As suas práticas provocam profunda contradição entre o “pragmatismo” e a linguagem “mitológica” da Padania – uma entidade de origens duvidosas, que pretende supostamente unir a cultura e as tradições de todos os povos da Itália setentrional, herdeira da civilização celta e depositária das raízes cristãs da Europa. Mais que a sua iniciativa de denunciar “Roma, a ladra”, que lhe serve apenas para mobilizar suas bases, é a sua participação nas instituições que favorece atualmente a tutela dos interesses (egoístas) do Norte, região da qual a Liga afirma ser porta-voz.

Enquanto o berlusconismo se caracteriza por um laisser-faire sem liberalismo6, a Liga, ao contrário, encampa um liberalismo sem laisser-faire: dele ela assume apenas as dimensões antissocial e xenófoba – lançando mão, por exemplo, da triste invenção das “rondas cidadãs” de autodefesa contra a “criminalidade extracomunitária”. Mas a polêmica em torno da imigração clandestina serve como teste para um ataque mais vasto contra as regras do mercado do trabalho, de modo a “libertar” este último dos “obstáculos” sociais, e, em primeiro lugar, sindicais, no quadro de uma tutela clientelista sobre os seus próprios territórios. Com isso, o partido de Umberto Bossi torna-se o principal herdeiro do “assistencialismo” que havia sido implantado pela defunta Democracia Cristã.

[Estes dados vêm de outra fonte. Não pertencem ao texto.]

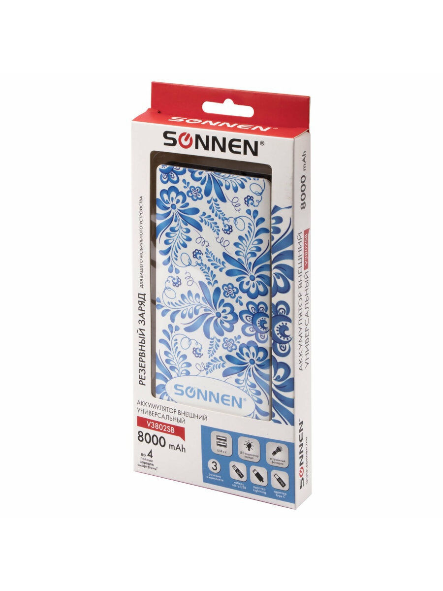 Аккумулятор внешний V3802S "Гжель", 8000 mAh, 2 USB
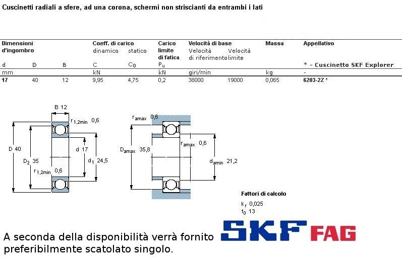 cuscinetto ad un giro di sfere a schermatura in ferro a carico radiale.Int. mm.17 - Est. 40mm. - Spessore mm.12 SERIE NORMALE

As duas direitas italianas enfatizam suas diferenças entre si, mas elas nada têm de incompatível. Afinal, o nome dos seus líderes se encontram lado a lado como os autores da principal medida política adotada pela centro-direita nos últimos anos – a saber, a tristemente famosa lei Bossi-Fini sobre a imigração (2002), uma das mais duras do continente europeu.

Alguns observadores insistem na “sinceridade” da guinada democrática de Gianfrancesco Fini, referindo-se ao doloroso divórcio da mulher exaltada que ele havia encontrado no tempo da sua militância fascista.7Mas o seu perfil “moderado” não deixa de parecer uma mutação, acima de tudo tática, adaptada à visão de grandes patrões, interessados em manter-se à distância do último ciclo de Berlusconi, considerando – talvez de maneira demasiadamente otimista – que ele está encerrando (mal) a sua trajetória.

Em 20 anos, a Cofindustria, a organização patronal italiana, alternou de maneira oportunista o seu apoio entre o “moderado” Romano Prodi (que ela prefere) e o “extremista” Berlusconi (que ela suporta… cada vez menos). Mas, considerando a incapacidade da esquerda de oferecer uma alternativa dentro de um quadro neoliberal, parece que as escolhas, daqui para a frente, serão feitas no âmbito da direita.

Laurent Bonelli é integrante do grupo de análise política da Universidade Paris 10 – Nanterre. Publicou La France a peur. Une histoire sociale de l’insécurité, Paris, La Découverte, 2008.